DIKU Bits: Learning Explainable Models of Behaviour
On 26 April the Software, Data, People, & Society (SDPS) Section at Department of Computer Science, University of Copenhagen, will give a DIKU Bits lecture
Tijs Slaat, Associate Professor at the University of Copenhagen's Department of Computer Science in the Software, Data, People, & Society Section.
Learning Explainable Models of Behaviour
Process discovery algorithms learn models of behaviour, e.g. how people do their work. While most AI approaches focus predominantly on the accuracy of models for e.g. classification and prediction, process models also have a strong focus on human-understanding: they are meant to be descriptive and explainable to regular business users.
In this talk I will discuss exciting recent advances we’ve made in this field and the myriads of interesting research questions that are still open to explore.
Which courses do you teach?I’m teaching the M.Sc. level course on Software Engineering and Architecture and teach part of the B.Sc. course on Reactive and Event Based Systems.
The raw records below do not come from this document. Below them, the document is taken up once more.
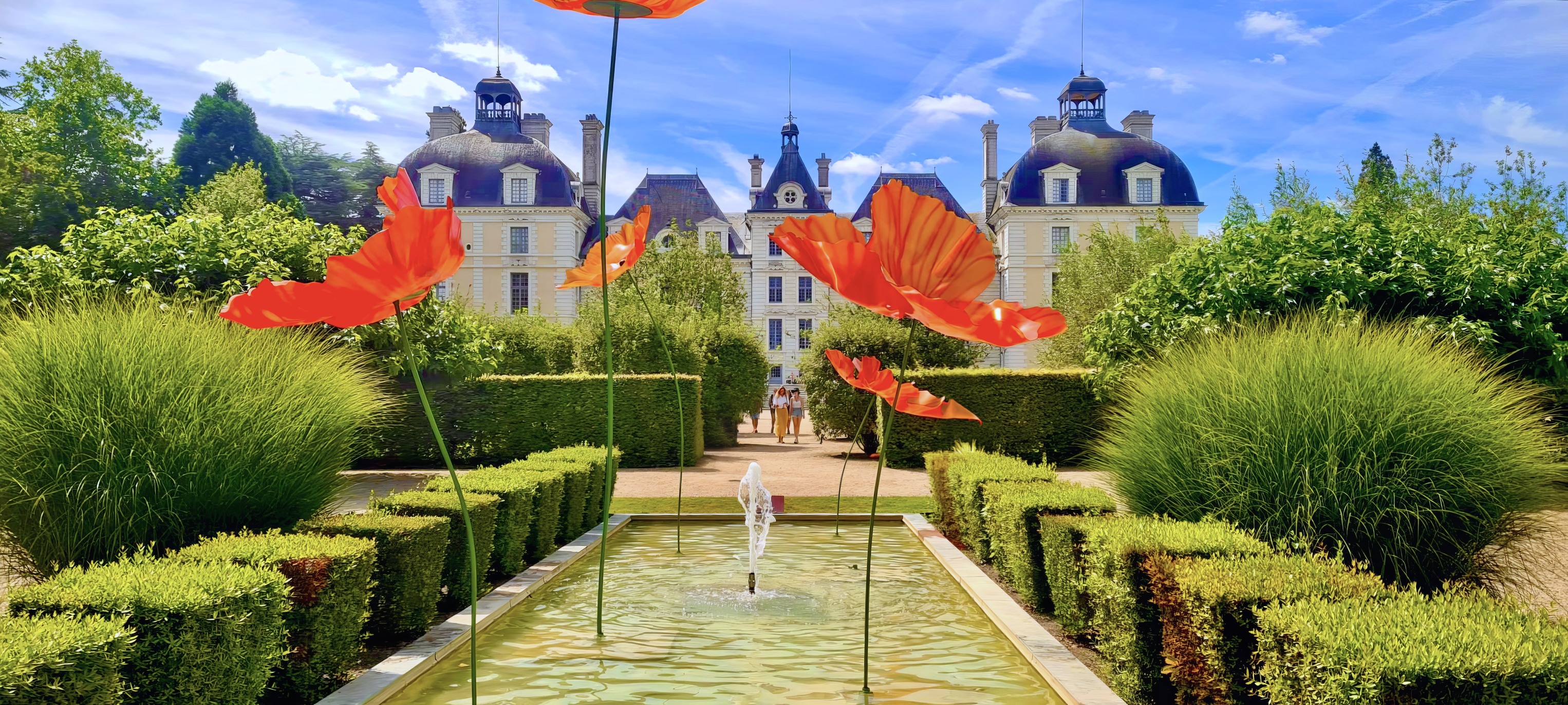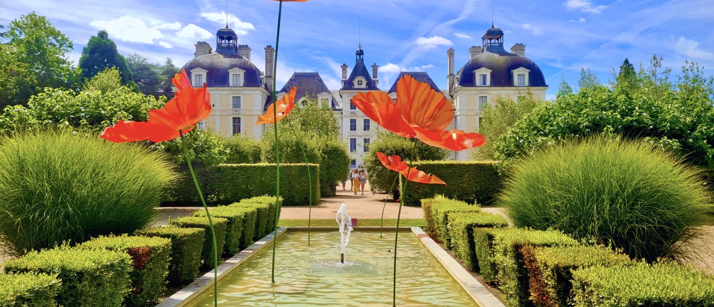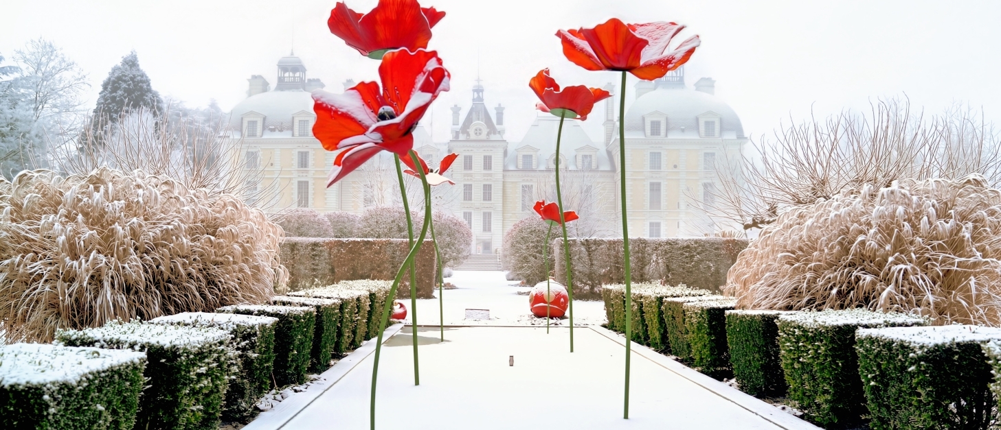 Depuis juillet 2024, de monumentales sculptures en forme de coquelicots enchantent le jardin des apprentis et vous entrainent dans un univers coloré, entre le château et l'Orangerie.
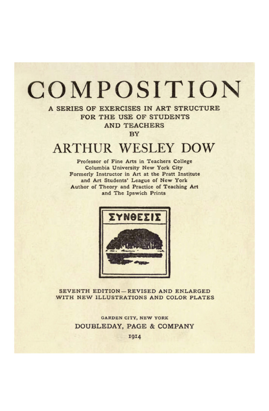 Европейское и американское искусство в конце 19-го века было под сильным влиянием японской художественной культуры. Это влияние позже было названо японизмом. Эстетика, темы, мотивы, техника, колористика японского искусства отразились в творчестве импрессионистов и постимпрессионистов. Японизм оказал сильное влияние на искусство периода модерна и стиля ар-деко. Но на русской почве восприятие этого культурного импульса было неоднозначным, например, импрессионизм в России пренебрежительно называли французской болезнью. Отношение к проявлениям японизма часто было скептическим. Видимо, по этой причине труды Артура Уэсли Доу (18571922 г.г.), который стоял у истоков японизма в Америке, не нашли заинтересованных читателей и, соответственно, переводчиков. Мне видится очень важным восполнить пробел в русскоязычной литературе об искусстве переводом основополагающего труда Доу. Перевод выполнен по девятому изданию 1914 года Composition. A series of exercises in art structure for the use of students and teachers by Arthur Wesley Dow; Doubleday, Page & Company.
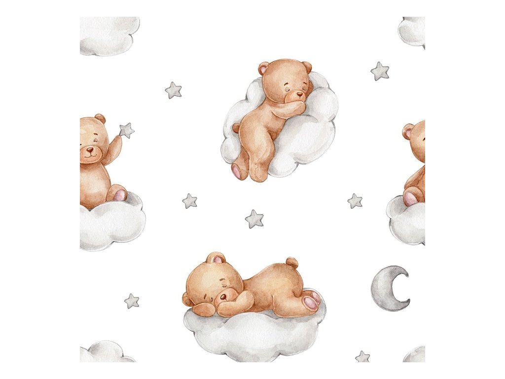 Tištěný mušelín - spící medvídci
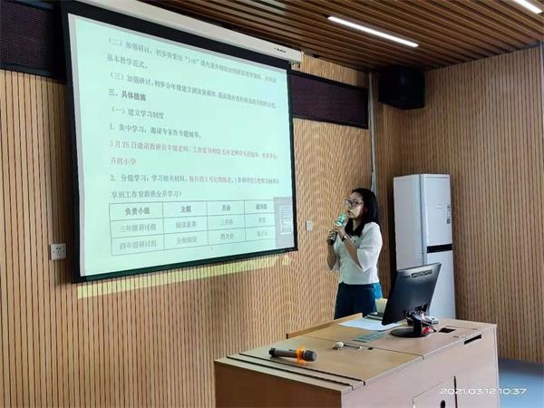 會(huì)議開(kāi)始,主持人朱殷沂老師對(duì)本年度工作室的工作計(jì)劃進(jìn)行了詳細(xì)的解讀。朱老師針對(duì)本鎮(zhèn)英語(yǔ)閱讀教學(xué)的具體情況,對(duì)工作室的成員進(jìn)行了具體詳細(xì)的分工,初步探索“1+N”課內(nèi)與課外相結(jié)合的閱讀教學(xué)策略,提高課內(nèi)與課外閱讀教學(xué)的結(jié)合度,其中提到要建立年級(jí)研討小組并且成立實(shí)驗(yàn)班,對(duì)學(xué)生情況進(jìn)行摸底檢測(cè)。
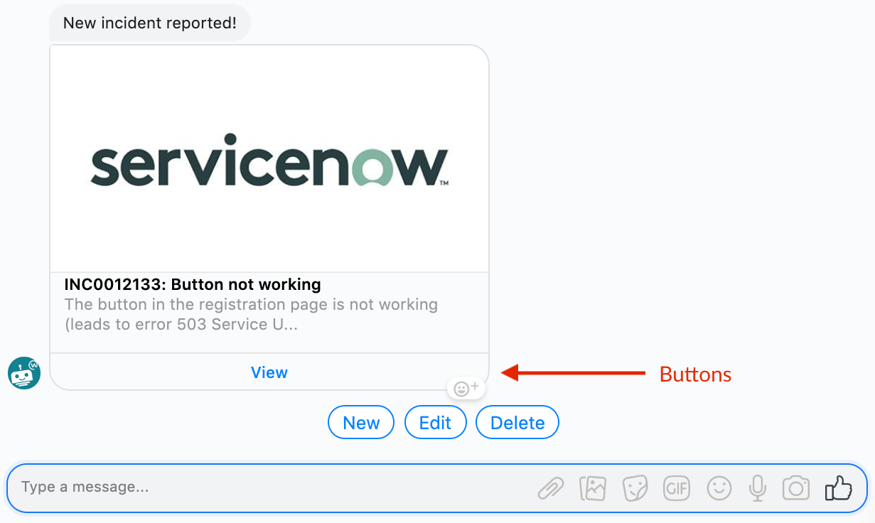 Parameter values can also be passed by buttons and quick reply buttons when they invoke a downstream Workbot command recipe. Typically, you use parameters to pass additional context for downstream Workbot recipe to use.

Which technology/research/projects/startup are you excited to see the evolution of? On a personal level I’m very excited by the recent success of the DisCoveR process miner, developed by students from DIKU and myself, which was recognized as the best discovery algorithm at the international conference on process mining last year. At the moment we’re working hard on further developing the algorithm and creating a user-friendly toolset around it, in part supported by DIREC through the AI and Blockchains for Complex Business Processes project.
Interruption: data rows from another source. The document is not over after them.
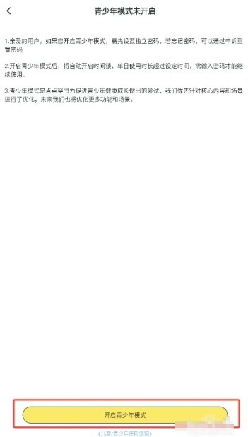 点击界面下方的开启青少年模式按钮。
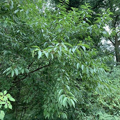 Dan is er de Amerikaanse vogelkers (Prunus serotina). Niet zo'n beproeving als de vorige twee, maar toch zien we 'm liever gaan, zodat andere planten en dieren meer kans krijgen. Doe je niks, dan heb je zo een bos vol: Vogels zijn dol op de besjes, en verspreiden zo het zaad over grote afstanden. In plaats van dit boompje planten we straks de inheemse vogelkers (Prunus padus) en andere planten uit de Prunusfamilie (Prunus), waar ook de kers, de abrikoos en de amandel bij horen.
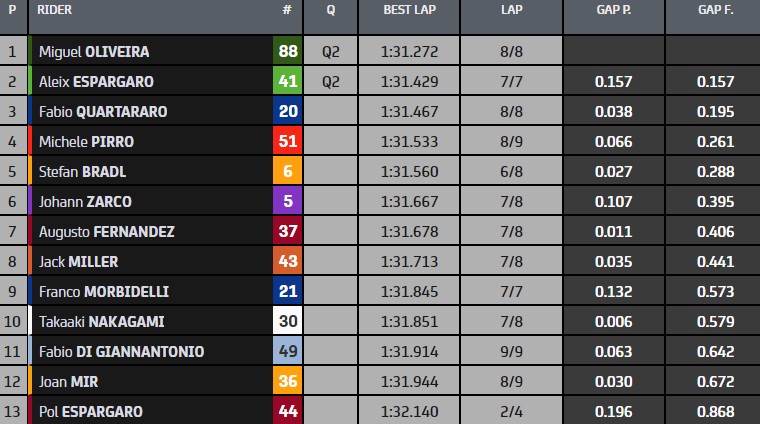Quartararo doit se contenter de la 13ème place, il partage la cinquième ligne de la grille avec Pirro et le Bradl. Zarco, Augusto Fernandez et un Miller décevant seront de la 16e à la 18e place en Sprint et Grand Prix. Derrière eux se trouvent Morbidelli, Nakagami et Di Giannantonio sur la septième ligne de la grille. Mir et Pol Espargaró partiront des 22e et 23e places, fermant le peloton.
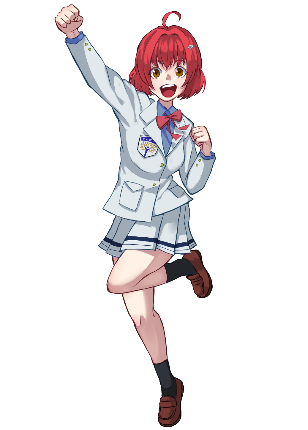 ・髪型・・・ヘアピンを付けたショートボブ。色は赤
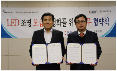 LED산업협동조합이 LED산업포럼과 손잡고 LED 조명 보급을 활성화하기 위해 적극 나선다. 한국전등기구LED산업협동조합(이사장 박현주)과 LED산업포럼(위원장 이상희)은 지난 11월 2일, 조합 이사장실에서 ‘LED 조명 보급 활성화를 위한 업무 협약식’을 개최했다.
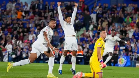 A pesar de jugar con nueve hombres, Getafe casi igualó en el tiempo de descuento, con el portero del Madrid Thibaut Courtois saliendo de la portería para hacer una difícil parada a corta distancia a un disparo de Abu Kamara dentro del área.
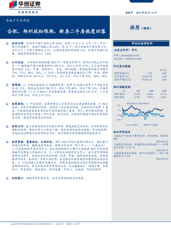 【华创证券】【20230411】房地产行业周报:合肥、郑州放松限购,新房二手房热度回落-16页

On a more general level I’m quite enthusiastic about the recent societal attention that explainable AI has been receiving. The increasing ubiquity of machine learning and AI influencing our daily life makes it critical that ordinary citizens can understand how these algorithms and models are making decisions for them. I believe process discovery can play an important role as a case study on how one can successfully treat human-understanding as a key design factor during the entire lifecycle of machine learning algorithms and tools.
What is your favorite sketch from the DIKUrevy? I’m afraid that I’ve not yet been properly introduced to DIKUrevy.